Il Dr. med. Andreas Studer del Centro Universitario di Medicina Geriatrica dell’Ospedale Felix Platter di Basilea ha parlato all’Aggiornamento di Zurigo sui due temi della demenza e della depressione. Cosa offre l’attuale terapia farmacologica per la demenza? Quanto spesso le persone anziane sono depresse e quali sono i sintomi a cui prestare attenzione?
Il primo argomento è stato la terapia farmacologica della demenza (Fig. 1), che, secondo il Dr. med. Andreas Studer del Centro Universitario di Medicina Geriatrica dell’Ospedale Felix Platter di Basilea, è ancora puramente sintomatica. Il deterioramento della condizione può essere ritardato, ma una modifica, un arresto o addirittura una cura non sono attualmente in vista. “Inoltre, dimostra che il paziente con demenza ripaga in seguito ciò che guadagna con i farmaci. In altre parole: Verso la fine, la condizione si deteriora improvvisamente in modo molto rapido e il paziente vive all’incirca la stessa durata del paziente non trattato. L’unica cosa che possiamo aspettarci dalla terapia attuale è, nel migliore dei casi, un miglioramento temporaneo”, ha spiegato il relatore.
Un approccio farmacologico alla demenza di Alzheimer consiste nell’aumentare la disponibilità di acetilcolina nelle sinapsi. Gli inibitori della colinesterasi (ChE) disponibili in Svizzera sono donepezil (Aricept®), rivastigmina (Exelon®) e galantamina (Reminyl®). La rivastigmina ha un’emivita breve, ma l’effetto è molto più lungo di quanto l’emivita suggerisca. La nuova applicazione transdermica tramite cerotto è particolarmente utile. Secondo il Dr. Studer, è facile da usare e molto meglio tollerato rispetto alle altre forme di dosaggio (capsula, soluzione). La galantamina viene ora offerta solo nella forma cosiddetta “a rilascio prolungato”. La titolazione non è del tutto semplice, ma nemmeno troppo complicata. In linea di principio, tutti e tre sono approssimativamente equivalenti in termini di efficacia, quindi la decisione viene solitamente presa sulla base della galenica.
Effetto degli inibitori della ChE e della memantina
Gli inibitori della ChE possono, per un certo periodo di tempo, ritardare la disfunzione della cognizione, delle attività di vita quotidiana (strumentali), dell’impressione clinica generale e, in una certa misura, dei sintomi neuropsichiatrici. Sono indicati per la demenza da lieve a moderata di tipo Alzheimer (“Mini Mental State Examination” MMSE: 30-10). L’indicazione della rivastigmina (Exelon®) comprende non solo la malattia di Alzheimer, ma anche la malattia di Parkinson e la demenza a corpi di Lewy (linea guida S3). Secondo la stessa linea guida, è probabile che gli inibitori della ChE funzionino nelle demenze miste (la forma più comune di demenza nelle persone >80 anni). Queste includono, ad esempio, forme miste di Alzheimer e demenza vascolare. Probabilmente sono efficaci anche nella demenza vascolare pura, ma meno che nel tipo di Alzheimer. Tuttavia, non mostrano alcun effetto contro le demenze frontotemporali o alcoliche o contro la sindrome di Korsakow.
“Secondo l’Ufficio Federale delle Assicurazioni Sociali (FSIO), un MMSE è indicato all’inizio della terapia e di nuovo dopo tre mesi nel corso di una valutazione intermedia.
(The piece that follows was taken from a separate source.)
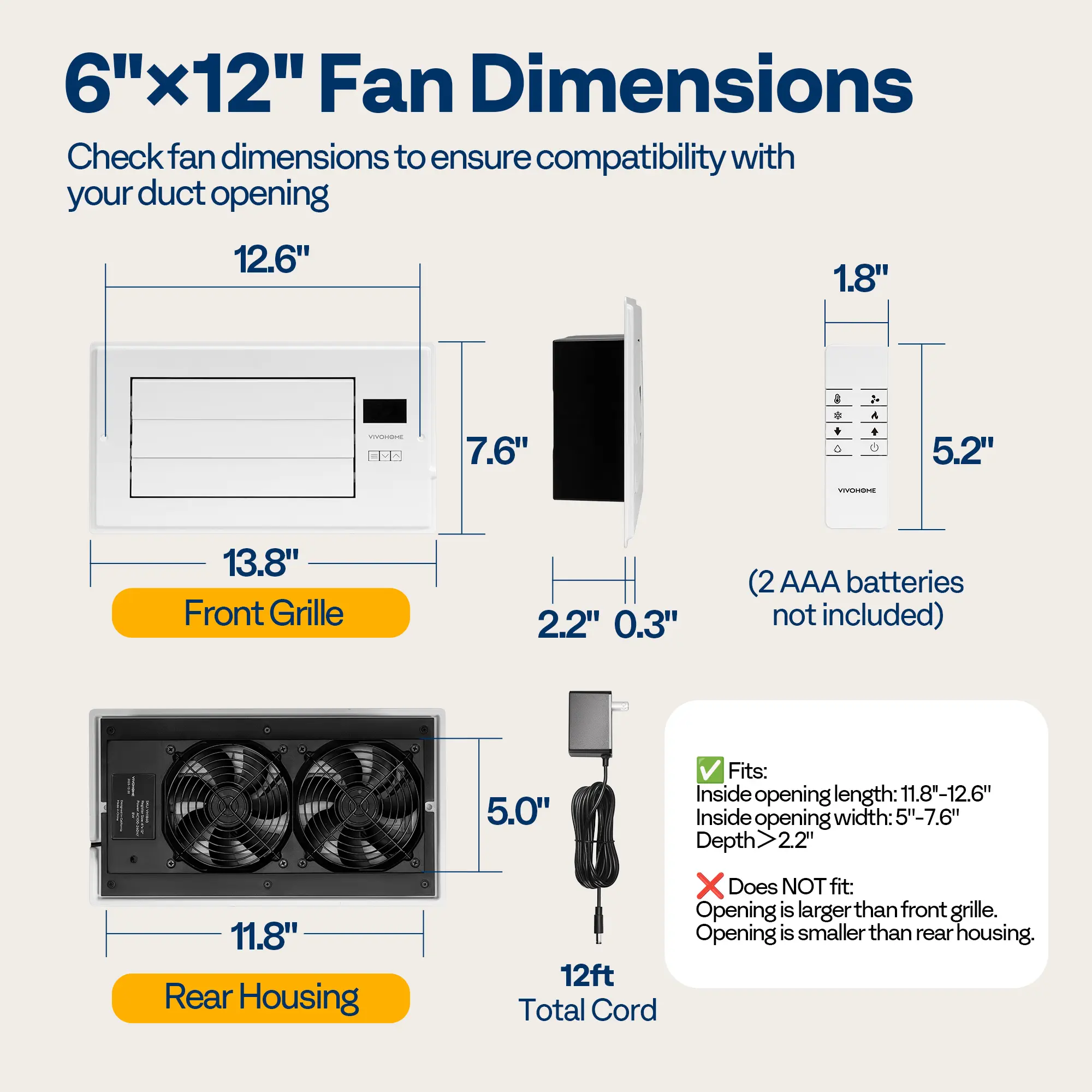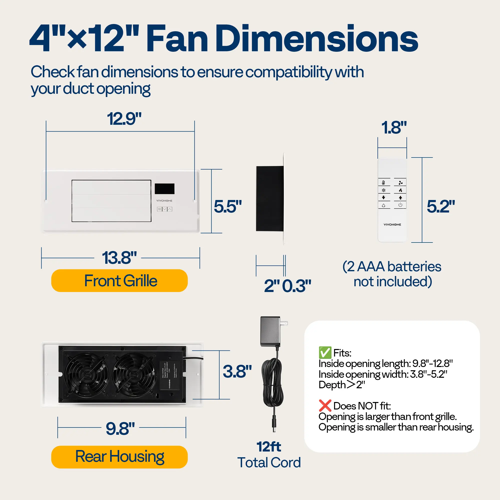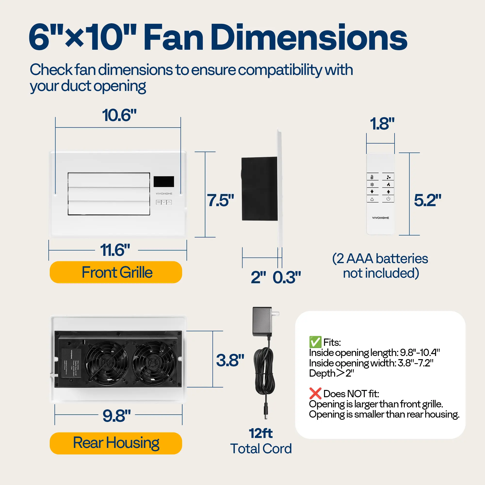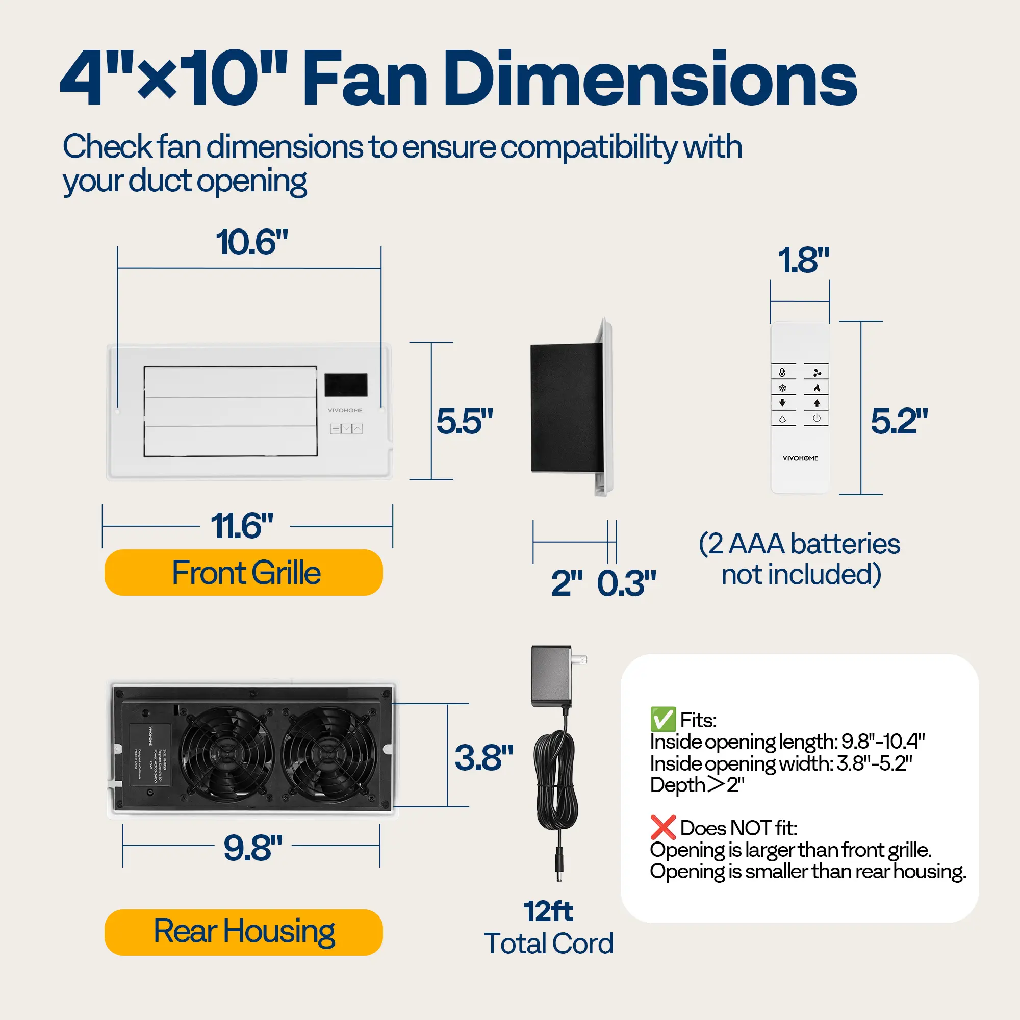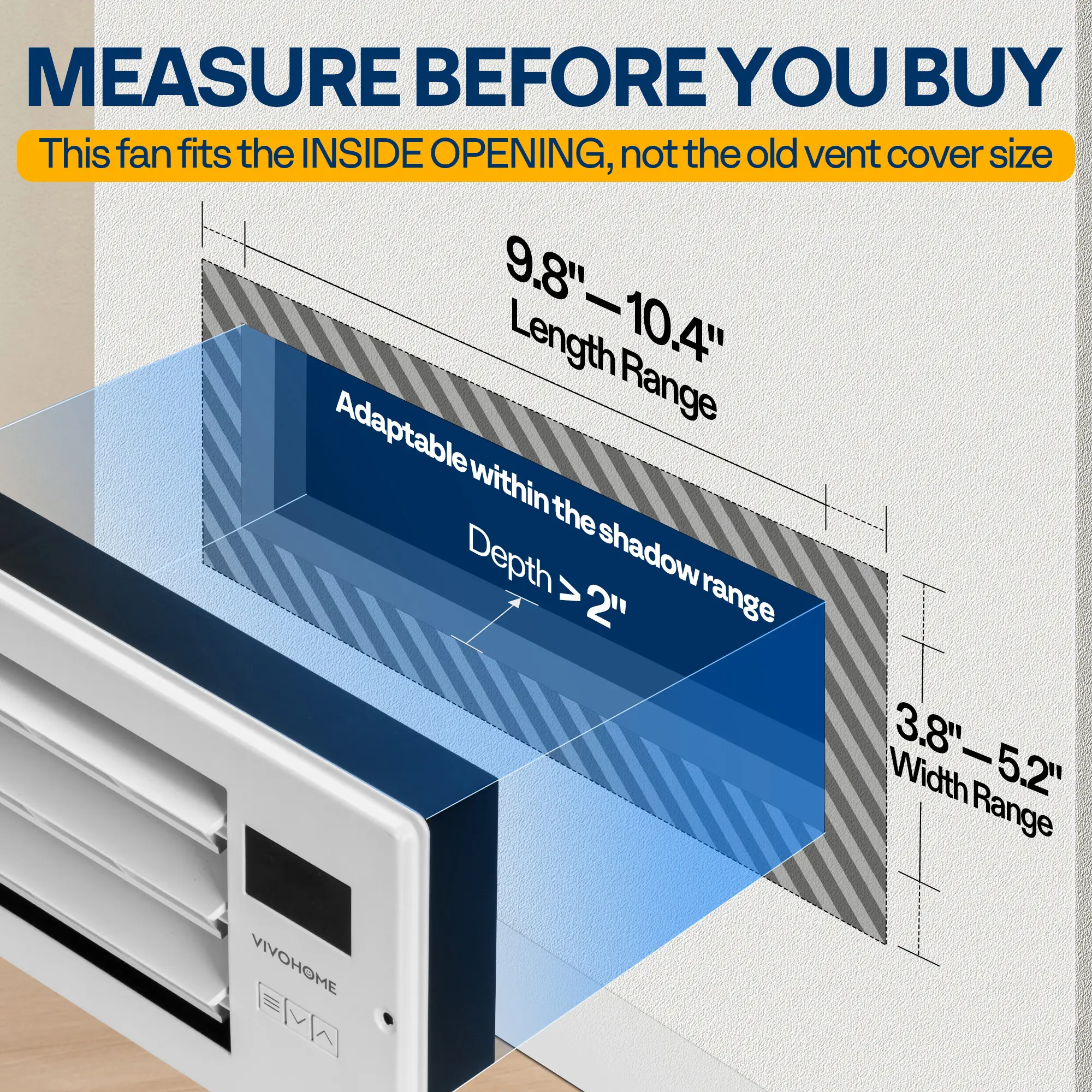 ·SIZE 4×10 INCH: Compatible with vent sizes ranging from 9⁷⁄₈"−10⁵⁄₈" in length, 3⁷⁄₈″−5¹⁄₂″ in width, and more than 2'' in depth; Measure vent openings before purchasing; This household booster fan is easy to install on floors, walls, or ceiling

In seguito, tale inventario cognitivo deve essere effettuato ogni sei mesi. Se il valore MMSE scende al di sotto di dieci, i costi per gli inibitori della ChE non sono più coperti dall’assicurazione sanitaria”, ha spiegato il dottor Studer. Esistono anche prove dell’efficacia di donezepil nella demenza di Alzheimer anche nella fase grave della malattia; in questo momento può essere raccomandato un ulteriore o nuovo trattamento, secondo la linea guida S3. Tuttavia, l’assicurazione sanitaria non copre tale terapia, il che porta al fatto che in Svizzera si preferisce passare alla memantina nei casi di demenza grave. “A mio parere, il fattore decisivo è se un inibitore della ChE può migliorare i fatti concreti, come camminare, mangiare, parlare, assistere nelle cure e controllare l’urina. In questo caso, un’ulteriore terapia non retribuita è spesso giustificata”, afferma l’esperto.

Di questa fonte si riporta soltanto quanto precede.